I just received an email that Pitt will not be interviewing Peds candidates this year because they had two internal "fast-track" residents going directly into the fellowship. I guess that's like a rejection?
Yes, but because they don’t have any spots.
 
I just received an email that Pitt will not be interviewing Peds candidates this year because they had two internal "fast-track" residents going directly into the fellowship. I guess that's like a rejection?
I got that too. They should not participate in eras/nrmp if they already have dedicated guaranteed candidates. Isn't that a match violation?
 
Whats the average starting salary for A&I? I heard different numbers from different ppl ranging from 160k to 300k. Is it true that they really make less than primary care ?
I have anecdotally heard 250-300k as starting salary with sky being the limit when you're a partner (n=2 and private practice). I have heard 180k as starting salary for a part time position.
 
Any body wanna switch interview date For Indiana university? Please PM me
 
Anybody wanna switch interview date for Wayne state.please pm me
 
Can someone who got invited to Childrens hospital of michigan please ping me. Thanks
 
Missouri..I booked it on eras about 2 weeks ago. Havnt gotten a confirmation. Anyone e heard from the PC
 
anyone have thoughts on the amount of immunology in A/I fellowship? I'm peds, so I went to programs ranging from "yes we manage them after their transplants" to "we refer them to xxx other hospital for transplant". I think I'm a "big A" type of person and definitely don't see myself as being the "immunology person" wherever I end up working, but I don't know as a pediatrician if I should be looking for a certain level of immunology training (obviously the programs that don't transplant still prepare you for the boards).
 
anyone have thoughts on the amount of immunology in A/I fellowship? I'm peds, so I went to programs ranging from "yes we manage them after their transplants" to "we refer them to xxx other hospital for transplant". I think I'm a "big A" type of person and definitely don't see myself as being the "immunology person" wherever I end up working, but I don't know as a pediatrician if I should be looking for a certain level of immunology training (obviously the programs that don't transplant still prepare you for the boards).

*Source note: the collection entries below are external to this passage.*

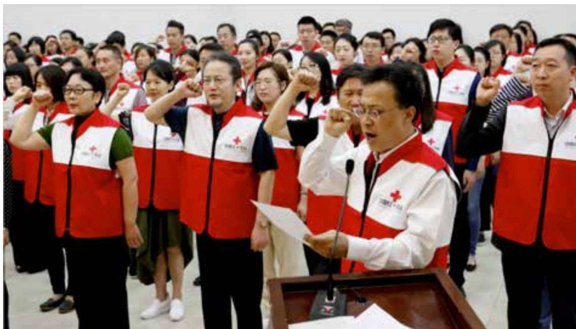
2017年5月8日，中国红十字会总会举行“我是红十字人”主题宣誓活动，郭长江带领在京红十字工作者、志愿者等庄严宣誓

信力。公信力来源于组织自身高效、规范、透明的运作，慈善法从法治层面为整个公益慈善组织行业发展提供了法律依据，使公益慈善组织有法可依、有法必依、违法必究，最终会极大提升公益慈善组织的公信力。这也有利于重塑社会对公益慈善事业的信心，有利于重拾社会对公益慈善组织的信任，吸引社会公众参与公益慈善事业。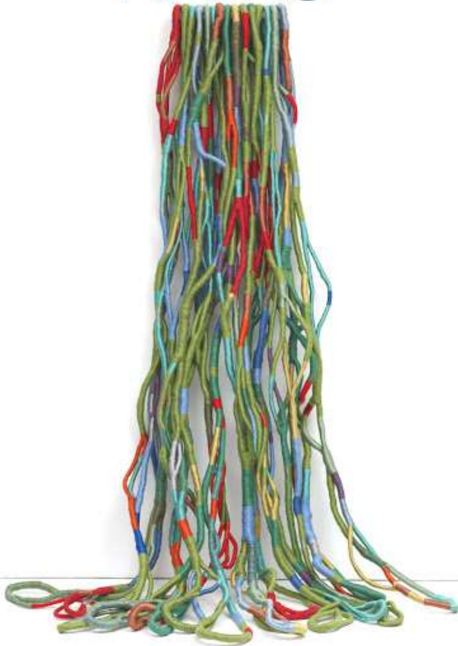
Lianes de Beauvais, 2011 Sheila Hicks, artista textil.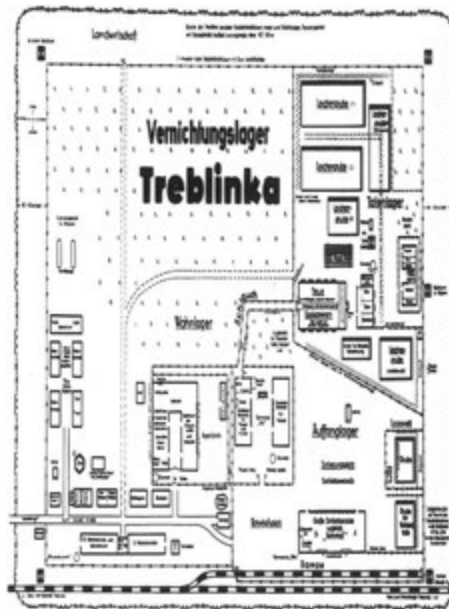
Figura 4 – Una riproduzione della planimetria del campo di concentramento di Treblinka.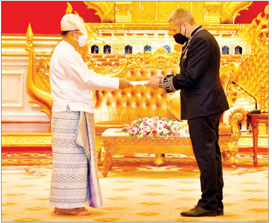
နိုင်ငံတော်စီမံအုပ်ချုပ်ရေးကောင်စီဥက္ကဋ္ဌ နိုင်ငံတော်ဝန်ကြီးချုပ် ဗိုလ်ချုပ်မှူးကြီးမင်းအောင်လှိုင်ထံ မြန်မာနိုင်ငံဆိုင်ရာ ဘယ်လာရုစ်နိုင်ငံ သံအမတ်ကြီး H.E. Mr. Uladzimir Baravikou က ၎င်း၏ သံအမတ် ခန့်အပ်လွှာကို ပေးအပ်စဉ်။

ဆောင်ရွက်ရေးနှင့် ကာကွယ်ရေးဆိုင်ရာ ဆက်လက် ပူးပေါင်းဆောင်ရွက်ရေးကိစ္စရပ်များကို ရင်းရင်းနှီးနှီး ဆွေးနွေးခဲ့ကြသည်။ တွေ့ဆုံပွဲအပြီးတွင် နိုင်ငံတော်စီမံအုပ်ချုပ်ရေး ကောင်စီဥက္ကဋ္ဌ နိုင်ငံတော်ဝန်ကြီးချုပ်နှင့် မြန်မာနိုင်ငံ ဆိုင်ရာ ဘယ်လာရုစ်နိုင်ငံ သံအမတ်ကြီးတို့သည် စုပေါင်းမှတ်တမ်းတင် ဓာတ်ပုံရိုက်ကြသည်။ အဆိုပါ သံအမတ်ခန့်အပ်လွှာပေးအပ်ပွဲသို့ ကောင်စီတွဲဖက်အတွင်းရေးမှူး ဒုတိယဗိုလ်ချုပ်ကြီး ရဲဝင်းဦး၊ နိုင်ငံခြားရေးဝန်ကြီးဌာန ပြည်ထောင်စု ဝန်ကြီး ဦးဝဏ္ဏမောင်လွင်နှင့် သံတမန်ရေးရာဦးစီး ဌာန ညွှန်ကြားရေးမှူးချုပ် ဦးဝဏ္ဏဟန်တို့ တက်ရောက်ခဲ့ကြကြောင်း သိရသည်။ သတင်းစဉ်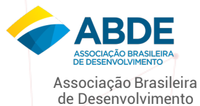
Associação Brasileira de Desenvolvimento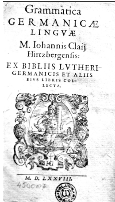
Rys. 1. Karta tytułowa starego druku

oraz niejednorodny sposób określania i zapisu dat; modyfikowała się także sama pisownia oraz system interpunkcyjny. Ręczny sposób tłoczenia wpływał na uszkodzenia składu typograficznego, co uwidacznia się dzisiaj m.in. w wydaniach wariantowych. Zachowane stare druki w wielu przypadkach są zdefektowane, dzieła wielotomowe bywają skompletowane z różnych edycji, zdarzają się klocki wydawnicze oraz introligatorskie. W tej sytuacji konieczne stało się ustalenie zasad opisu w formacie MARC, które będą uwzględniać specyfikę książek wydawanych w okresie XVI-XVIII wieku.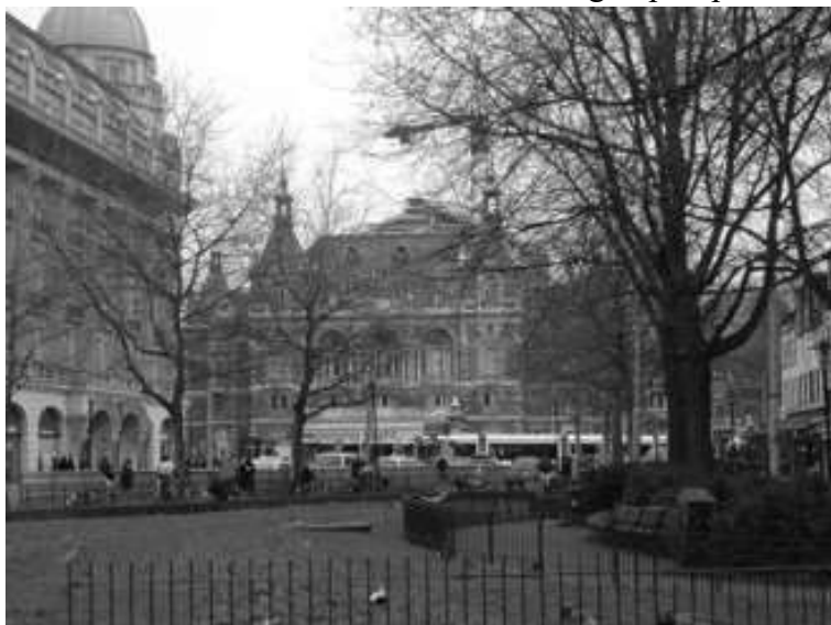
Een foto vanuit ons huis, Lijnbaansgracht 250 I, Amsterdam.

De ongewenste baby uit een depressieve moeder, het stille kindje, haast onzichtbaar de goede leerling, het knappe balletmeisje, maar altijd was er die mysterieuze angst... die veel later manifest zou worden, decennia verder begreep ik pas waarom.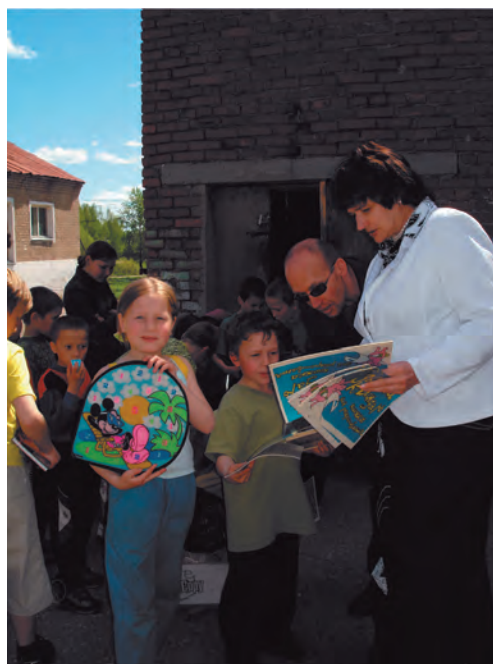
В рамках программы «Гражданские диалоги» в г. Кудымкар вручение воспитанникам детских домов подарков от жителей г. Перми

закрытие детских домов и перепрофилирование их в профессиональные центры, занимающиеся семейным устройством детей, оставшихся без попечения родителей и комплексным сопровождением замещающих семей. Это вполне естественный процесс. Однако необходимо подчеркнуть: реструктуризация детского дома в службу сопровождения – это следствие реализации права ребенка на семейное воспитание . Ликвидация детского дома как цель деятельности составляет значительный риск нарушения прав воспитанников.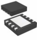
MCP4552T-502E/MF Microchip Technology IC DGTL POT 5K 257TAPS 8-DFN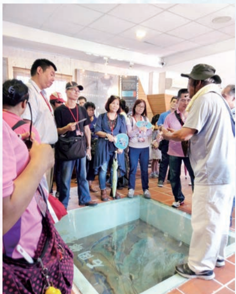
▲透過導覽員口述「土牛」來由，讓視障朋友想像並形塑歷史場域。

「2017客家傳統空間文化巡禮」活動於7、8月舉辦，計有100名鄉親熱情參與，其中更有視障朋友共襄盛舉。參訪導覽景點為大肚區磺溪書院、石岡區土牛客家文化館與豐原區涂家夥房，聘請客家文史專家以深入精闢的解說客家建築工法，讓活動參與者全神貫注聆聽與欣賞客家建築文化呈現之幽美，返溯傳統時空，置身歷史場域，並賦予客家文化傳承的意義。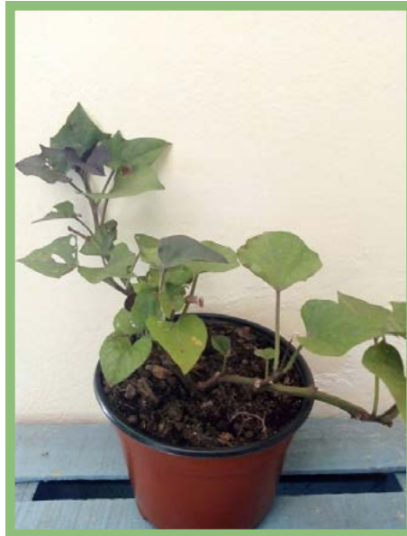
Camote Morado Precio: $ 25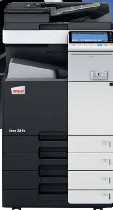
ineo 284e mit Dual Scan Originaleinzug (DF-701), Papierkassette (PC-210) und Ablagetisch (WT-506)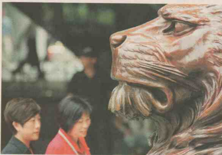
■社企對營商概念愈趨重視，「社聯——滙豐社會企業商務中心」設立的目的，就是為社企提供商業諮詢服務。（資料圖片）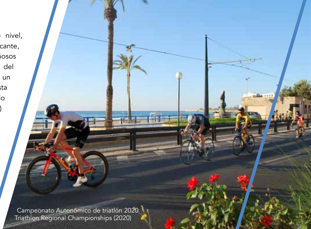
Campeonato Autonómico de triatlón 2020 Triathlon Regional Championships (2020)

Alicante province offers professional and high-level athletes one of the most mountainous landscapes in Spain, adapted to road and mountain cycling in a natural environment. This geography has been the protagonist of a number of internationally renowned competitions (see routes on p. 53).

I've also seen a range, and the main difference I've seen is that the programs based at children's hospitals tend to have at least one dedicated immunology/immunodeficiency clinic. I'm not really worried about it either way because like you said, all the programs will get you ready for boards in both allergy and immunology, so you can really base your decision on what you find most interesting or useful to your future career.

And not to hijack here, but most of the programs I've seen say they use Abbas for their immunology didactics. I'm assuming that's "Cellular and Molecular Immunology" and not "Basic Immunology", right? The latter seems more geared toward med students I think, but I want to confirm before I make any purchases!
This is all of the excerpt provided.